Apparently, some of the victims were attacked, police say.
It is not clear what motivated the violence and how or if the brothers knew any of the victims.
Apparently, some were targeted, while others may have been targeted at random, Royal Canadian Mounted Police Deputy Commissioner Rhonda Blackmore said at a briefing Monday.
It is also unknown if the brothers carried out the attacks at the same time, according to Blackmore.
The first stabbing was reported on the James Smith Cree Nation at 5:40 a.m. Minutes later, several more calls came in about stabbings elsewhere, police said.
The nation has a population of about 3,400 people with about 1,800 members living on the reservation, according to its website.
As of 9:45 a.m., authorities reported casualties at multiple locations, including one in Weldon.
Lydia Gloria Burns, lifeguard, She was responding to a crisis call when she was caught up in the violence and died, her brother Darryl Burns told Reuters, though the agency did not say whether the call was related to the stabbings.
“She was massacred,” her brother Ivor Burns told Reuters.
The discovery of Damien Sanderson’s body a day after the attacks also raised questions about his brother’s involvement in his death. But police said Monday it was not clear if Myles Sanderson was involved.
“It’s an investigative avenue that we’re pursuing, but we can’t say that definitively at this point,” Blackmore said.
The suspect had a ‘long’ criminal history and was released by the parole board.
Blackmore previously said that Sanderson had warrants for his arrest prior to the stabbings.
“Myles’ history goes back several years and includes crimes against both property and people,” Blackmore said, without elaborating on the alleged crimes.
“His actions have shown that he is violent, so we continue to emphasize that people remain vigilant,” Blackmore added.
The Parole Board of Canada granted Sanderson a legal release, according to a ruling issued on February 1, 2022.
Statutory release is a presumptive statutory release that allows an offender to serve part of their sentence in the community under direct supervision, according to the board. Under Canadian law, the Correctional Service of Canada must release most offenders to supervision after they have served two-thirds of their sentence, if they have not already been paroled, except for those serving life sentences.
The board said in the ruling that it did not believe Sanderson would present a risk to the public if released. The decision did take note of his long criminal history and that he was assessed by a psychologist for a “moderate risk of violence.”
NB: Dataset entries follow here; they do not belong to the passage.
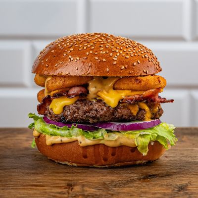 180 gramów wołowiny, krążki cebulowe, bekon, 2 x ser cheddar, sałata lodowa, czerwona cebula, sos musztarda BBQ
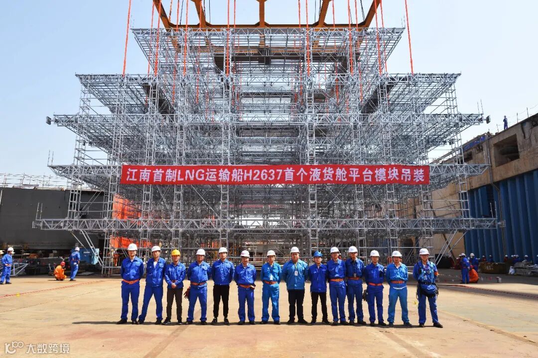 9月7日上午,中国船舶集团所属江南造船为广东九丰能源集团建造的79800立方米液化天然气运输船(LNG)液货舱首舱平台模块吊装顺利结束。单个模块共计128根圆管接口,实现精准对接、一次落位,整体精度及变形控制取得预期效果,为后续平台模块快速吊装打下基础。
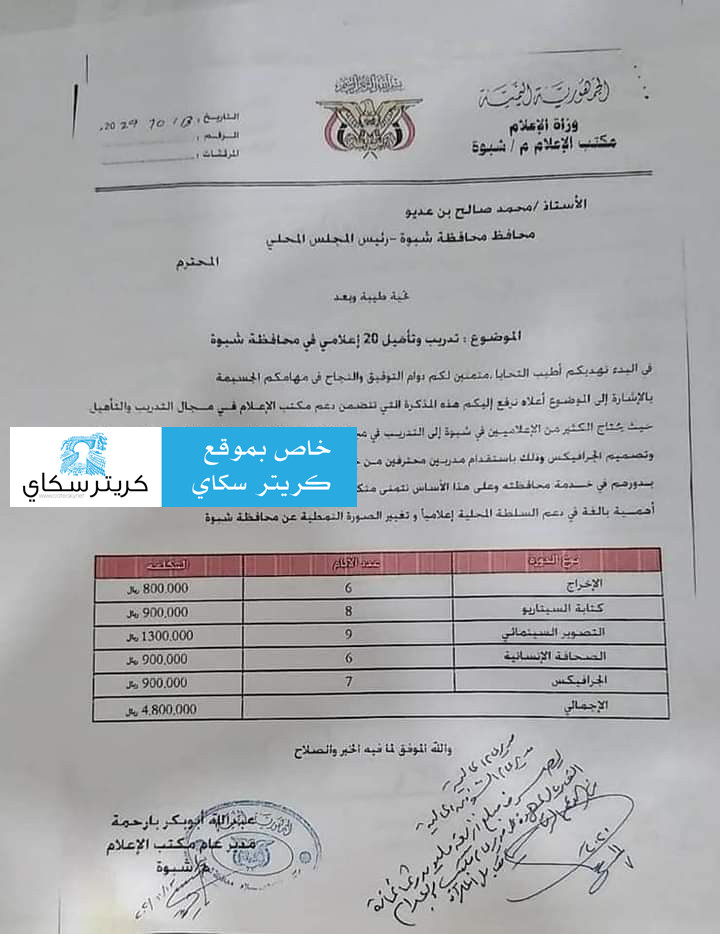 ـ 27000 دولار لانشاء مؤسسة اعلامية #شبوة

“Her criminal history is deeply concerning, including the use of violence and weapons related to her primary crimes, and her history of domestic violence that victimized family members, including her children, and persons outside the family,” the ruling states.
In a statement, the Parole Board said it “extends its thoughts to the victims, their families, and all those who have been affected as a result of these horrific and senseless acts of violence.”
Citing the Privacy Act, the board said it could not discuss the details of a criminal’s case.
CNN’s Paula Newton, Tina Burnside, Chuck Johnston, Michelle Watson, Teele Rebane and Cara Lynn Clarkson contributed to this report.